*** Block opens ***
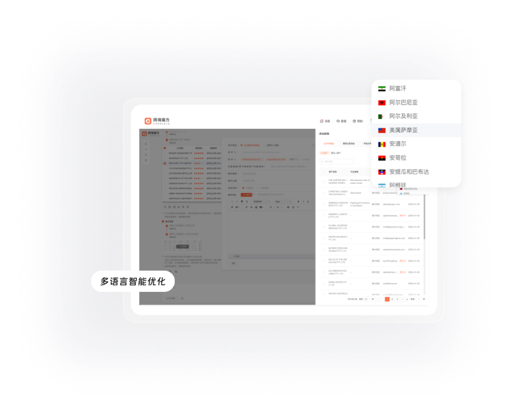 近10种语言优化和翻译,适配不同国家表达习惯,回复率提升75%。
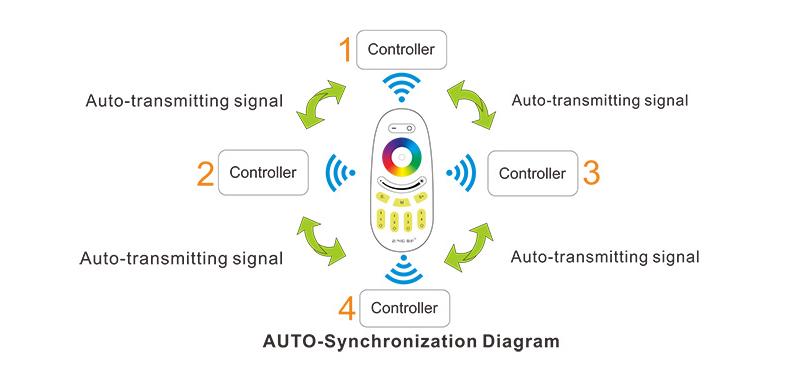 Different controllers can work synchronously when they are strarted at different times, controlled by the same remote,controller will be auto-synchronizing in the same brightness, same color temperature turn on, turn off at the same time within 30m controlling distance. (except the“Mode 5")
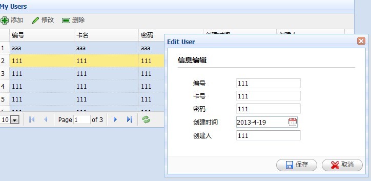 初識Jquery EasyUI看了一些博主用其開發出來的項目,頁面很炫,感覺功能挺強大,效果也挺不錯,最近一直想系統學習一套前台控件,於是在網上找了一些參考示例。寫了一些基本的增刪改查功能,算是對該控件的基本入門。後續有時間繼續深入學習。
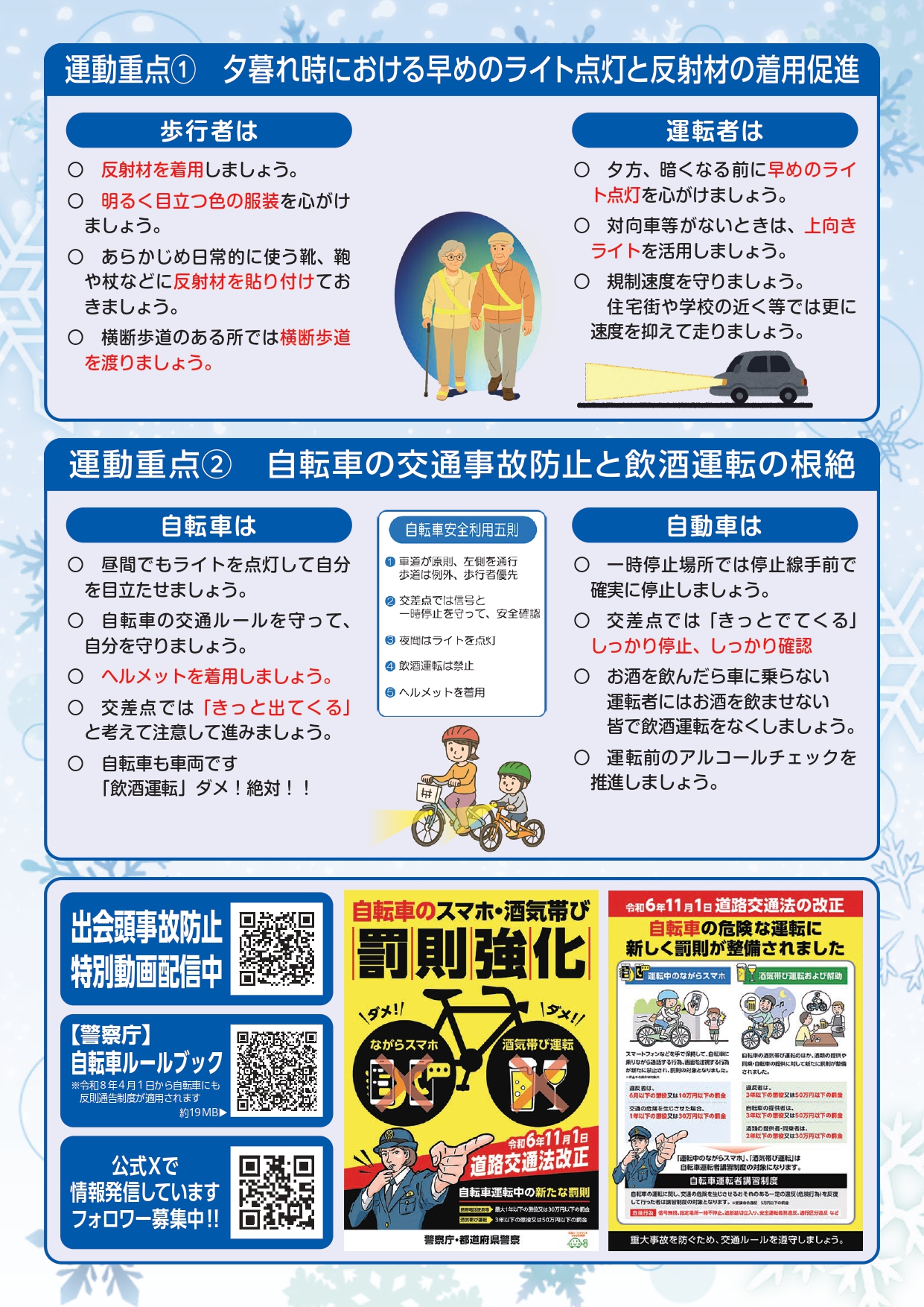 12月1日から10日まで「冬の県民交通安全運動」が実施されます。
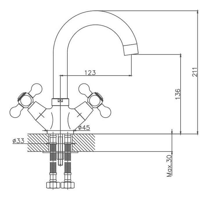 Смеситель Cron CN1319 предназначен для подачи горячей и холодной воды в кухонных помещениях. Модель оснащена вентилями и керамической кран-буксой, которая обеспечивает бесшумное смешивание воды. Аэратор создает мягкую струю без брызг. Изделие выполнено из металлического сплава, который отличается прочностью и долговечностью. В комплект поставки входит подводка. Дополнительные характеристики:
*** Block closes ***
Your answer must be an exact copy of the records, free of images.

__Output of the task__:
 近10种语言优化和翻译,适配不同国家表达习惯,回复率提升75%。
 Different controllers can work synchronously when they are strarted at different times, controlled by the same remote,controller will be auto-synchronizing in the same brightness, same color temperature turn on, turn off at the same time within 30m controlling distance. (except the“Mode 5")
 初識Jquery EasyUI看了一些博主用其開發出來的項目,頁面很炫,感覺功能挺強大,效果也挺不錯,最近一直想系統學習一套前台控件,於是在網上找了一些參考示例。寫了一些基本的增刪改查功能,算是對該控件的基本入門。後續有時間繼續深入學習。
 12月1日から10日まで「冬の県民交通安全運動」が実施されます。
 Смеситель Cron CN1319 предназначен для подачи горячей и холодной воды в кухонных помещениях. Модель оснащена вентилями и керамической кран-буксой, которая обеспечивает бесшумное смешивание воды. Аэратор создает мягкую струю без брызг. Изделие выполнено из металлического сплава, который отличается прочностью и долговечностью. В комплект поставки входит подводка. Дополнительные характеристики:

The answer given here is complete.